U.S.A. Swimming, the sport’s national governing body, soon tightened its rules in ways that Thomas’s supporters believed amounted to a poorly disguised effort to exclude her from the national championships. The N.C.A.A., though, ultimately decided not to let those more stringent protocols take effect this season, reasoning that “implementing additional changes at this time could have unfair and potentially detrimental impacts” on championship participants.

The N.C.A.A. would not make President Mark Emmert available for an interview. Many board members declined to be interviewed, referred inquiries to the N.C.A.A. or did not respond to requests for comment.

The association drew attention last year, when gay and transgender rights advocacy groups complained that a draft for a rewritten N.C.A.A. constitution did not include adequate protections against discrimination. And the association has waffled over its approach to holding major events, which can drive millions of dollars in spending, in states with laws seen as targeting transgender people.

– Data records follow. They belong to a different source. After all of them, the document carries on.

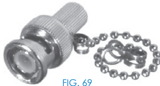
FIG. 69 RFB-1150-1, -2-1W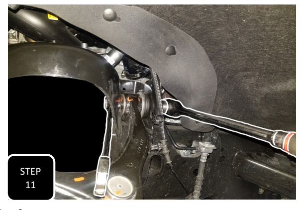
Step 11 Unbolt both bolts attaching the upper control arm to the frame.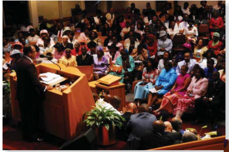
A Taste of Antioch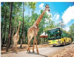
VINPEARL SAFARI 野生动物园 Vinpearl Safari Phu Quoc - Vietnam's largest semi-wildlife park, within 3.0 km from Wyndham Grand Phu Quoc.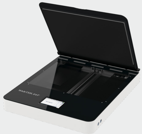
Scratch resistant glass plate enables scanning oversized originals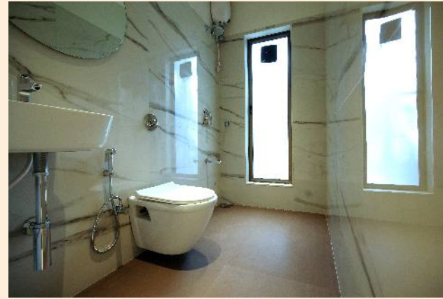
Actual photos of show flat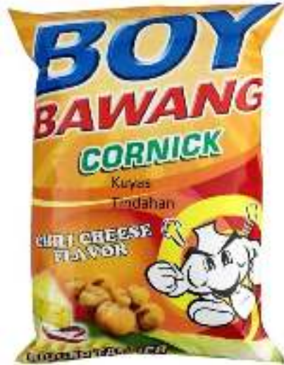
BOY BAWANG (CHILI CHEESE FLAVOR)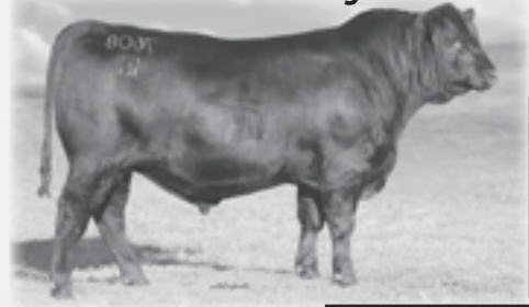
G A R Progress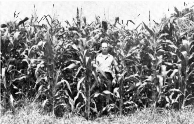
This corn was waist high 30 days ago.

I believe that we may see the time when we will utilize cloud seeding at sometime each year. One other point I should mention is that when you seed clouds, you reduce the chances of getting hail. In fact, some areas use it just for hail suppression and not to increase rainfall.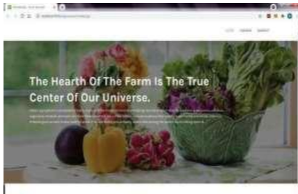
v.i. Home Page of website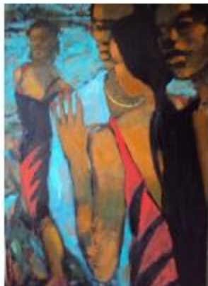
Along the River

Opening Reception to Meet the Artist: Saturday January 11, 3 pm-7pm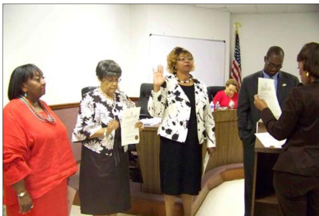
Incumbents take Oath of Office

Voters returned two incumbents to City Council seats on Saturday, May 8. Election results included:

Thomas and her rise, though, forced the typically plodding N.C.A.A. to grapple more quickly with a subject that scientists are still examining. Comprehensive research in athletes is still lacking, but early studies suggest that suppressing testosterone in transgender women decreases muscle mass and hemoglobin levels, reducing how much oxygen can be carried through the bloodstream.

Most of the changes occur within the first year of hormone suppression, but transgender women may still have more muscle mass than their cisgender peers even after three years. As some insist that no amount of testosterone suppression can undo the physiological changes linked to male puberty, like taller height and larger hands and feet, others dispute that transgender women have a built-in advantage and have argued that inclusion should outweigh competition.

The scientific and political debates, though, mattered only so much once Thomas plunged into the water at the McAuley Aquatic Center, just a few miles from the gold-topped State Capitol where Georgia lawmakers have spent part of the year clashing over a pending proposal to ban transgender students from interscholastic sports.

Azeen Ghorayshi contributed reporting.